The fight to create a faster, more convenient car-share.

Which taxi alternative will dominate cities of the future may come down to who develops the best software. Right now, Lyft and Uber are two sides of the same ride-sharing coin: Lyft brands itself as a "sharing" experience, reminding its users that their driver is just an average Joe with time to drive you around for money. They’re essentially cab drivers, but they obey instructions from the cloud instead of a human dispatcher, and can work as they please. Uber focuses on the ride itself—the convenient and even luxurious experience of getting a car and driver exactly when you want them.
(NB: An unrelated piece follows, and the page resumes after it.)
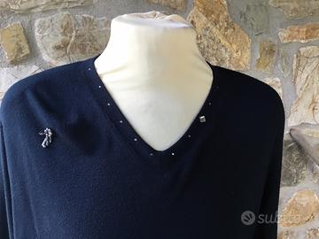 Bel vestito con brillantini intorno al collo, infondo ai lati ćè un piccolo spacco. Bellissimo materiale 88% Viscosa e resto cotone. Scende molto bene la stoffa. Taglia 50. Lunghezza 95cm ,spalla 50cm.Buona vestibilità.Marca TEMPICO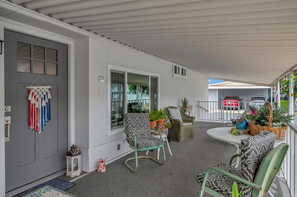 Charming Rustic styled 3 bed 2 bath home in highly sought after Senior Community! Welcome to the New Frontier Senior 55+ gorgeous community! This great single-level home is a breath of fresh air! Very light and bright features, such as vaulted ceilings, open floor plan to include a beautiful island and breakfast nook in the kitchen with all updated appliances! This home is basically turnkey ready! Plenty of carport space for at least two normal sized vehicles and a lovely covered front porch with plenty of space to gather with friends and family! The park has several amenities, such as 2 in ground swimming pools, 2 sauna’s, tennis courts, fully operational club house for gatherings and events.

But as Marcus Wohlsen points out in Wired, the technology behind the apps is key to the services' success, and it needs to improve. People use Uber and Lyft because they’re convenient, and whichever service can offer even more convenience—faster service, that is—will probably win favor in more cities than the one that lags.

Lyft's new VP of data science, Chris Pouliot, previously led the data analysis team at Netflix, which is known for utilizing the heck out of its user data. He's got big plans for Lyft, too. "We can use data to provide more accurate [estimated times of arrival] when a passenger requests a ride, to set high expectations and provide a better user experience," Pouliot told VentureBeat in December. "The success or failure of the business is highly correlated to how the company uses data." He also hopes to make an algorithm that predicts the likelihood that someone nearby will need a car in the next three minutes. That way, each individual is sent a ride that’s convenient for them as well as the entire user base. The drivers-as-friends shtick might get a software boost, too: Pouliot imagines that a Facebook connection could tell passengers about interests they have in common with their driver.

Uber has a current job listing for a "leading data scientist," so it could be that they're still trying to get their own Pouliot-level analytics whiz.